Their wanderings through the crimson twilight had brought them to the neighborhood of Metre 170 on Rack 9. From this point onwards Rack 9 was enclosed and the bottle performed the remainder of their journey in a kind of tunnel, interrupted here and there by openings two or three metres wide.
«Heat conditioning,» said Mr. Foster.

Hot tunnels alternated with cool tunnels. Coolness was wedded to discomfort in the form of hard X-rays. By the time they were decanted the embryos had a horror of cold. They were predestined to emigrate to the tropics, to be miner and acetate silk spinners and steel workers. Later on their minds would be made to endorse the judgment of their bodies. «We condition them to thrive on heat,» concluded Mr. Foster. «Our colleagues upstairs will teach them to love it.»
«And that,» put in the Director sententiously, «that is the secret of happiness and virtue-liking what you’ve got to do. All conditioning aims at that: making people like their unescapable social destiny.»

In a gap between two tunnels, a nurse was delicately probing with a long fine syringe into the gelatinous contents of a passing bottle. The students and their guides stood watching her for a few moments in silence.
«Well, Lenina,» said Mr. Foster, when at last she withdrew the syringe and straightened herself up.
The girl turned with a start. One could see that, for all the lupus and the purple eyes, she was uncommonly pretty.
«Henry!» Her smile flashed redly at him-a row of coral teeth.
«Charming, charming,» murmured the Director and, giving her two or three little pats, received in exchange a rather deferential smile for himself.
«What are you giving them?» asked Mr.
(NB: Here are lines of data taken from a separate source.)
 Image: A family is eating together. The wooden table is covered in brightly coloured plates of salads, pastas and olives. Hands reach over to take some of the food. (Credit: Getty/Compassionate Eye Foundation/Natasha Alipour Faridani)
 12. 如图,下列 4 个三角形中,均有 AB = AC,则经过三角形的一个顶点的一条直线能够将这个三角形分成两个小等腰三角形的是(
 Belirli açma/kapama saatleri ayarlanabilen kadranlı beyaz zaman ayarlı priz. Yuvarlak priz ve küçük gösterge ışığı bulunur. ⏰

Foster, making his tone very professional.
«Oh, the usual typhoid and sleeping sickness.»
«Tropical workers start being inoculated at Metre 150,» Mr. Foster explained to the students. «The embryos still have gills. We immunize the fish against the future man’s diseases.» Then, turning back to Lenina, «Ten to five on the roof this afternoon,» he said, «as usual.»
«Charming,» said the Dhector once more, and, with a final pat, moved away after the others.
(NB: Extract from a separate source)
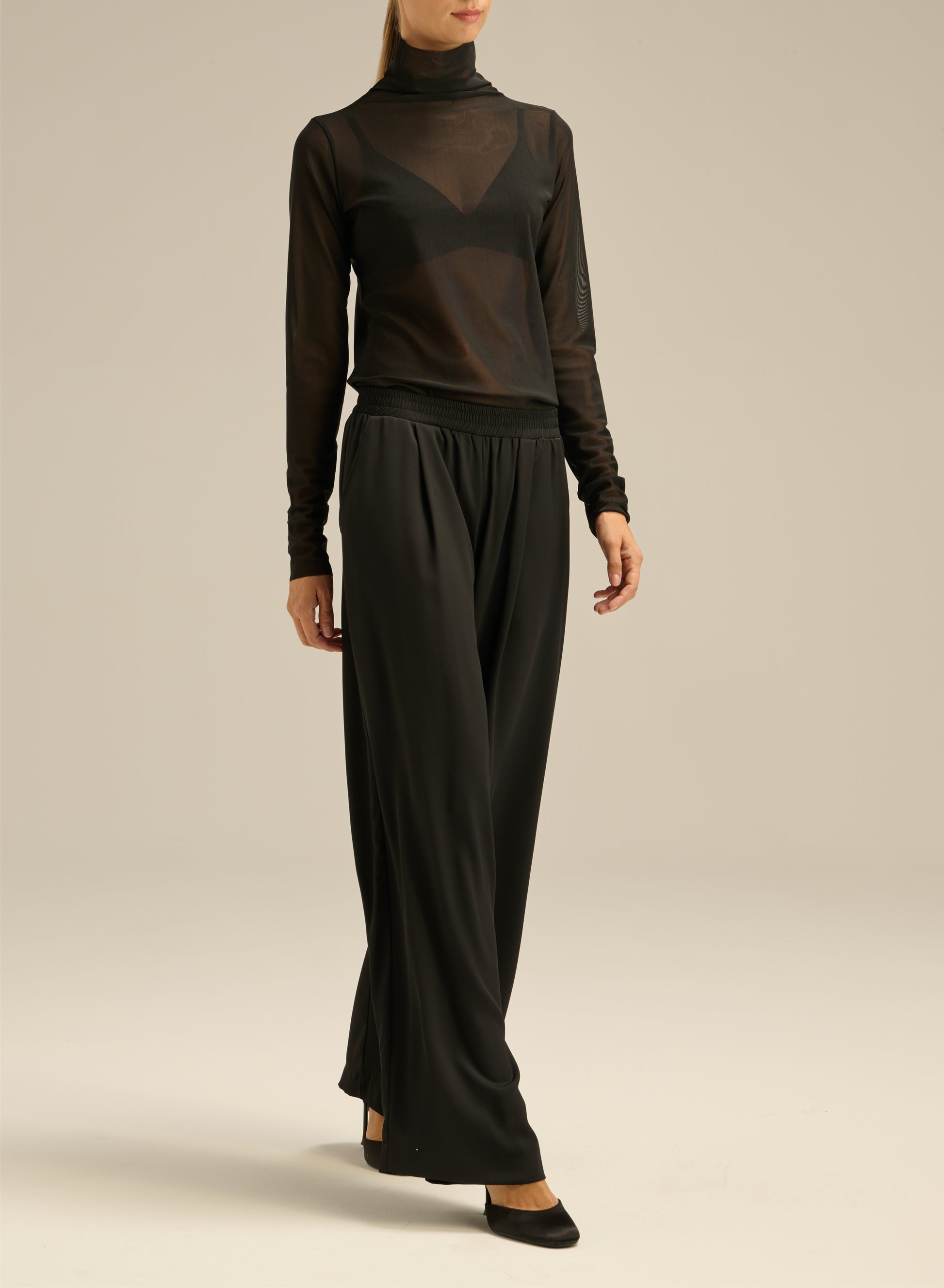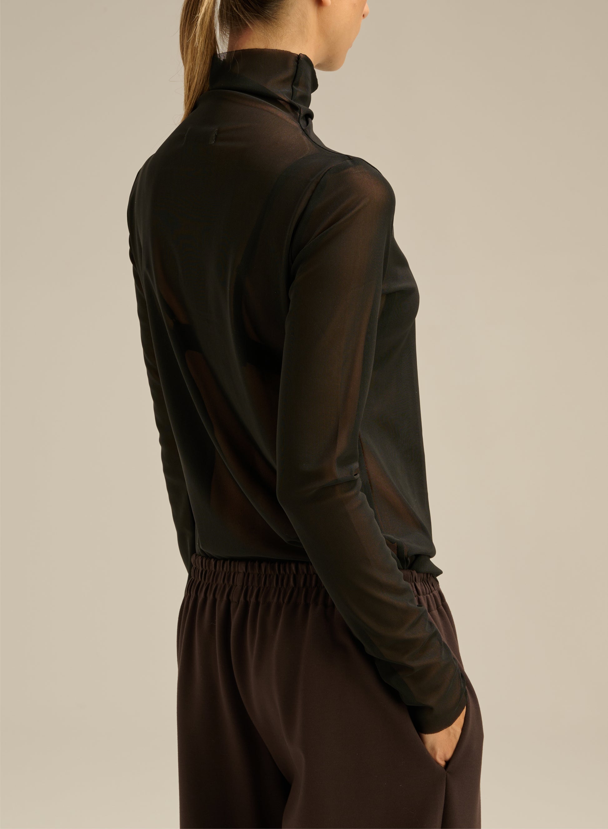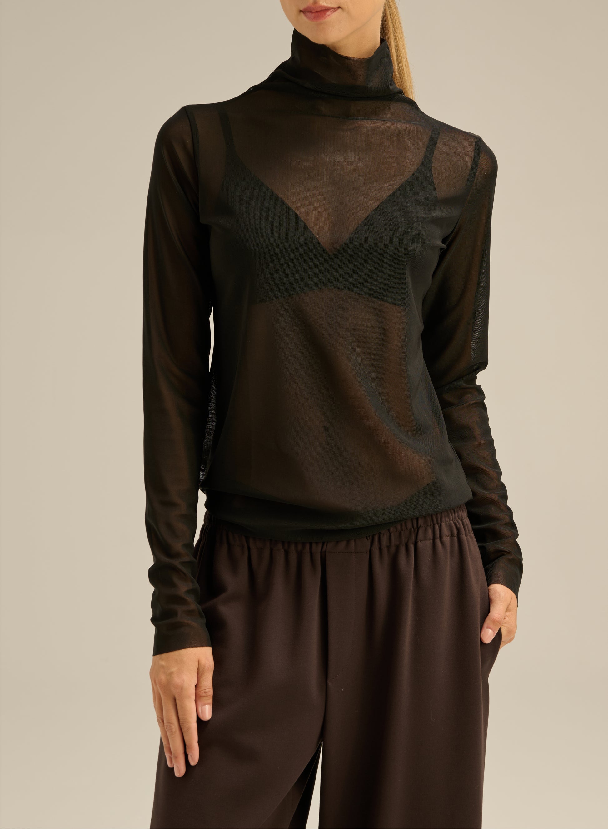 A straight-cut turtleneck made of lightweight mesh fabric. It has a round neckline and long sleeves.

On Rack 10 rows of next generation’s chemical workers were being trained in the toleration of lead, caustic soda, tar, chlorine. The first of a batch of two hundred and fifty embryonic rocket-plane engineers was just passing the eleven hundred metre mark on Rack 3. A special mechanism kept their containers in constant rotation. «To improve their sense of balance,» Mr. Foster explained. «Doing repairs on the outside of a rocket in mid-air is a ticklish job. We slacken off the circulation when they’re right way up, so that they’re half starved, and double the flow of surrogate when they’re upside down. They learn to associate topsy-turvydom with weli-being; in fact, they’re only truly happy when they’re standing on their heads.
«And now,» Mr. Foster went on, «I’d like to show you some very interesting conditioning for Alpha Plus Intellectuals. We have a big batch of them on Rack 5. First Gallery level,» he called to two boys who had started to go down to the ground floor.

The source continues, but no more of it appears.